§ **TO DO**: Print the records below exactly, from the line containing "In this early" down to the line containing "なだらかな道を歩く | 石垣が結構続く |", both lines included, and omit every picture.

§ **LISTED ENTRIES**:
┄┄┄┄┄┄┄┄┄┄┄┄┄┄┄┄┄┄┄┄

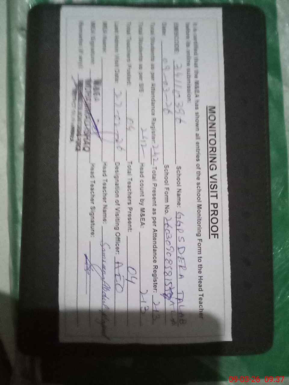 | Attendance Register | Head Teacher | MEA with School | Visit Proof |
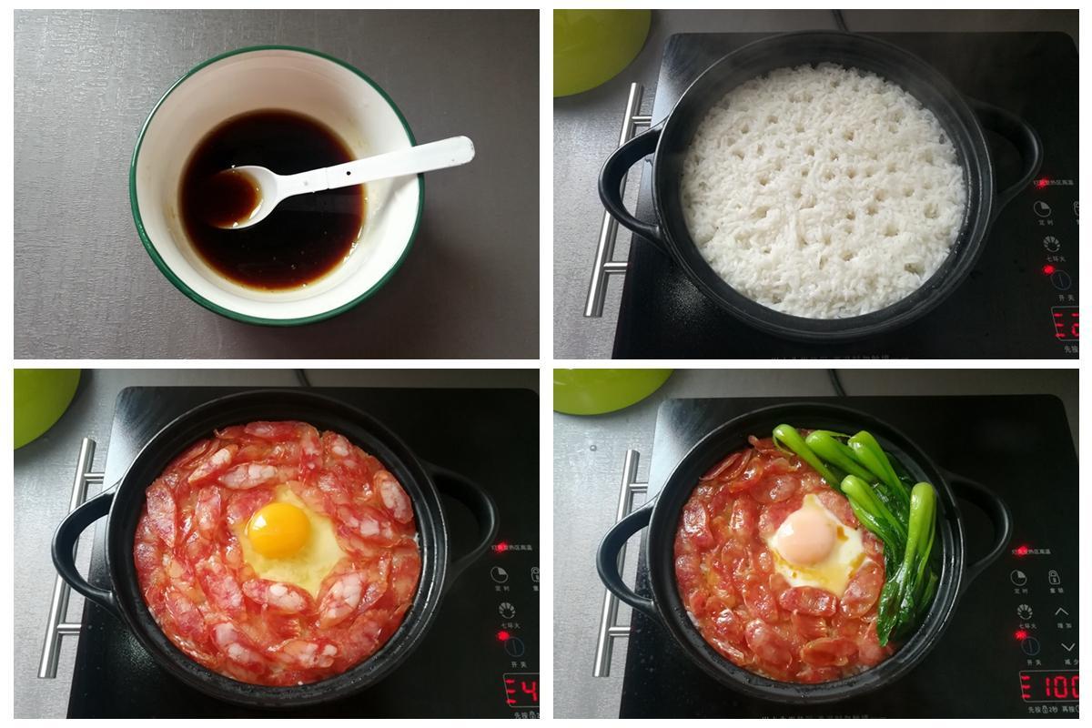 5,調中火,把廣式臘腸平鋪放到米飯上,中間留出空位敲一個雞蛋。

┄┄┄┄┄┄┄┄┄┄┄┄┄┄┄┄┄┄┄┄

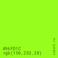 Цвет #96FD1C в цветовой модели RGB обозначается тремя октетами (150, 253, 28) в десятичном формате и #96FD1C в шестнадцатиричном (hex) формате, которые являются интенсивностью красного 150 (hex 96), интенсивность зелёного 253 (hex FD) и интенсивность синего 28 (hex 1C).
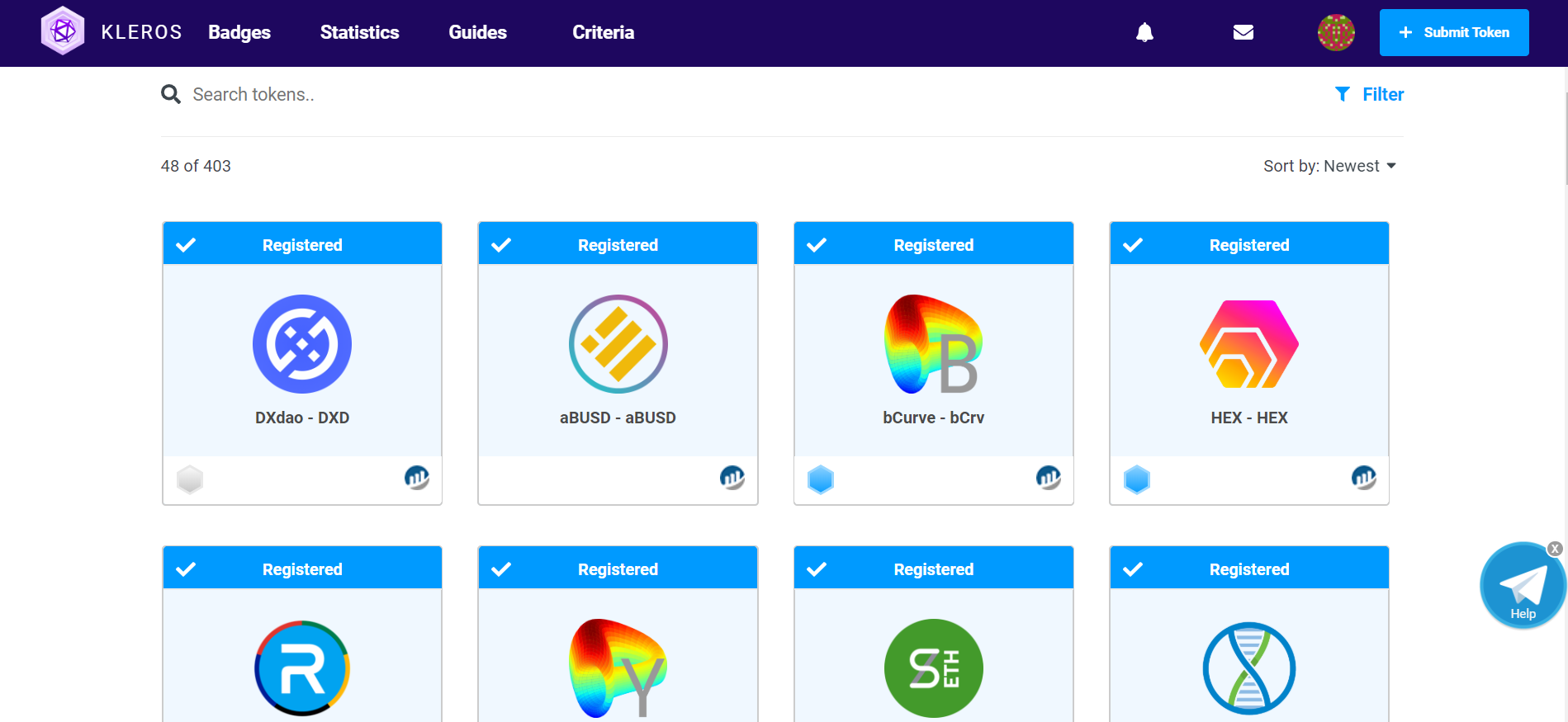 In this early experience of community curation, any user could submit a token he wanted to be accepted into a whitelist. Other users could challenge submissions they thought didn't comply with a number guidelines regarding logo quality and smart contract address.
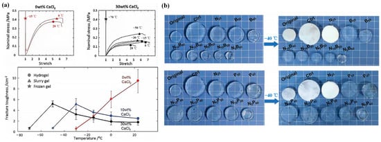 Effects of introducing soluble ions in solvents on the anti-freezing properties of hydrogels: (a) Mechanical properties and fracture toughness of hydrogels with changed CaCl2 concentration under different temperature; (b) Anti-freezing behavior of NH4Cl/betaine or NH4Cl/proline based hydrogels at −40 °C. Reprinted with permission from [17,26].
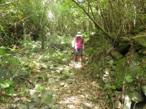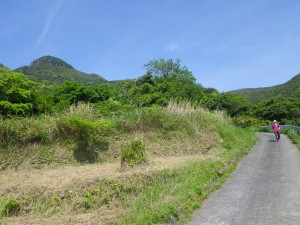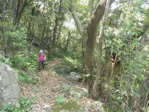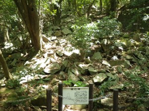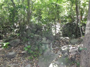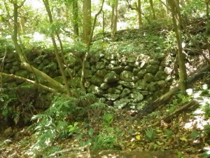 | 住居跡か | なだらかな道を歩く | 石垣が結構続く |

┄┄┄┄┄┄┄┄┄┄┄┄┄┄┄┄┄┄┄┄

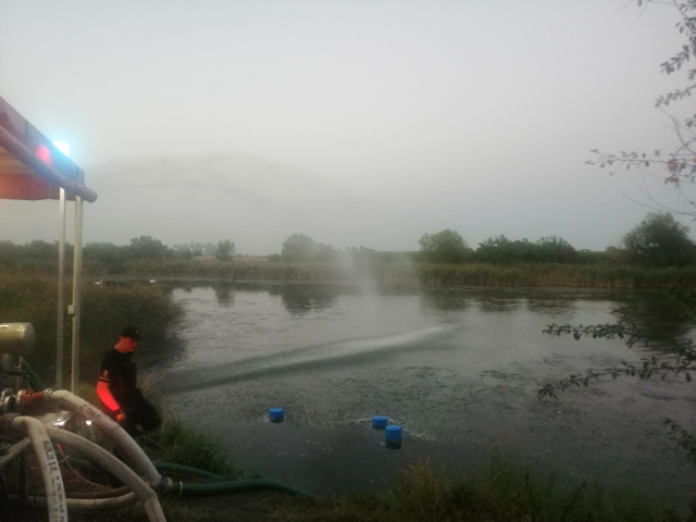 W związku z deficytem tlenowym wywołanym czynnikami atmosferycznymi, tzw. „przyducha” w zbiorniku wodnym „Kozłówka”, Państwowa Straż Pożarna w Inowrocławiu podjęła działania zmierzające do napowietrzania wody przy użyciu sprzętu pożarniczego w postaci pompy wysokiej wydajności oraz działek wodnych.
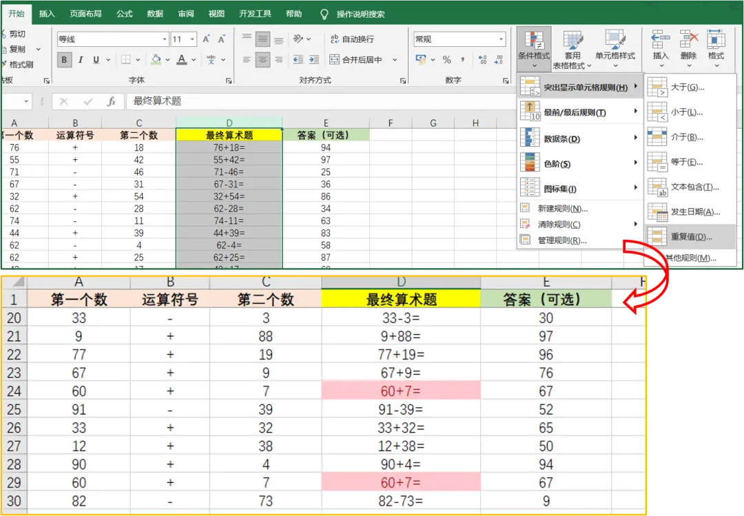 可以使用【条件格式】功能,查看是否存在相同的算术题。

┄┄┄┄┄┄┄┄┄┄┄┄┄┄┄┄┄┄┄┄

§ **ANSWER TO THIS PROBLEM**:
 In this early experience of community curation, any user could submit a token he wanted to be accepted into a whitelist. Other users could challenge submissions they thought didn't comply with a number guidelines regarding logo quality and smart contract address.
 Effects of introducing soluble ions in solvents on the anti-freezing properties of hydrogels: (a) Mechanical properties and fracture toughness of hydrogels with changed CaCl2 concentration under different temperature; (b) Anti-freezing behavior of NH4Cl/betaine or NH4Cl/proline based hydrogels at −40 °C. Reprinted with permission from [17,26].
 | 住居跡か | なだらかな道を歩く | 石垣が結構続く |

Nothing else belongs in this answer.